Background Glucocorticoids are widely used to treat a variety of diseases, including systemic autoimmune disease. Although glucocorticoids can improve the outcome for patients with these diseases, various side effects, such as suppression of the hypothalamic-pituitary-adrenal (HPA) axis are important problems. On the other hand, pro-inflammatory cytokines, such as IL-6 have been reported as stimulators of HPA axis in patients with systemic autoimmune diseases [1]. However, the influence of glucocorticoid therapy on HPA axis of inflammatory diseases has not be studied yet.

Objectives The aim of this study is to examine the process of suppression of HPA axis after glucocorticoid therapy using CRH test in patients with systemic autoimmune diseases.

Methods Thirty-five patients with systemic autoimmune diseases (64.4±16.1 y.o., M±SD), including 5 patients with systemic lupus erythematosus, 6 patients with polymyositis/dermatomyositis, 4 patients with vasculitis syndrome, 10 patients with polymyalgia rheumatica, 3 patients with rheumatoid arthritis, and 7 patients with other systemic autoimmune diseases, who received initial glucocorticoid therapy were gave written informed consent and enrolled. HPA axis was assessed by plasma adrenocorticotropin (ACTH) and serum cortisol levels of pre-CRH treatment, 30 and 60 minutes after administration of 100 μg of exogenous human CRH, and that was performed at 0, 2, and 4 weeks after starting glucocorticoid therapy. Patients were divided into two groups with prednisolone daily dose: 30 mg or more (18 patients, high-dose group), and 15mg or less (17 patients, low-dose group). The basal concentrations of plasma ACTH and serum cortisol, and their increased values after CRH stimulation (ΔACTH and Δcortisol, respectively) were evaluated. C-reactive protein (CRP) was also measured. This study was approved by the Ethics Committee at Toho University Omori Medical Center (approval no.25-215).
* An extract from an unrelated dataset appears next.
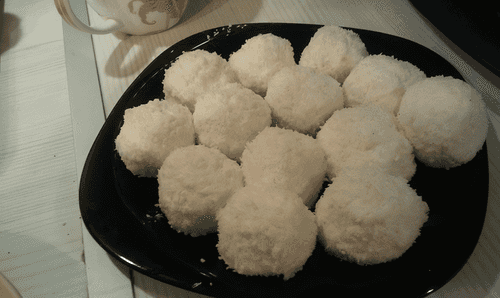 Now we roll the nut-filled balls in coconut flakes.

Results As shown in Table1, basal ACTH and ΔACTH levels were significantly decreased after glucocorticoid therapy in the high-dose group, while those in the low-dose group were not suppressed. Basal cortisol levels in high and low dose groups were significantly suppressed by glucocorticoid therapy. Δcortisol level in high dose group was significantly suppressed, however, that in low dose group had a trend to decrease. CRP was significantly decreased after glucocorticoid therapy in both groups.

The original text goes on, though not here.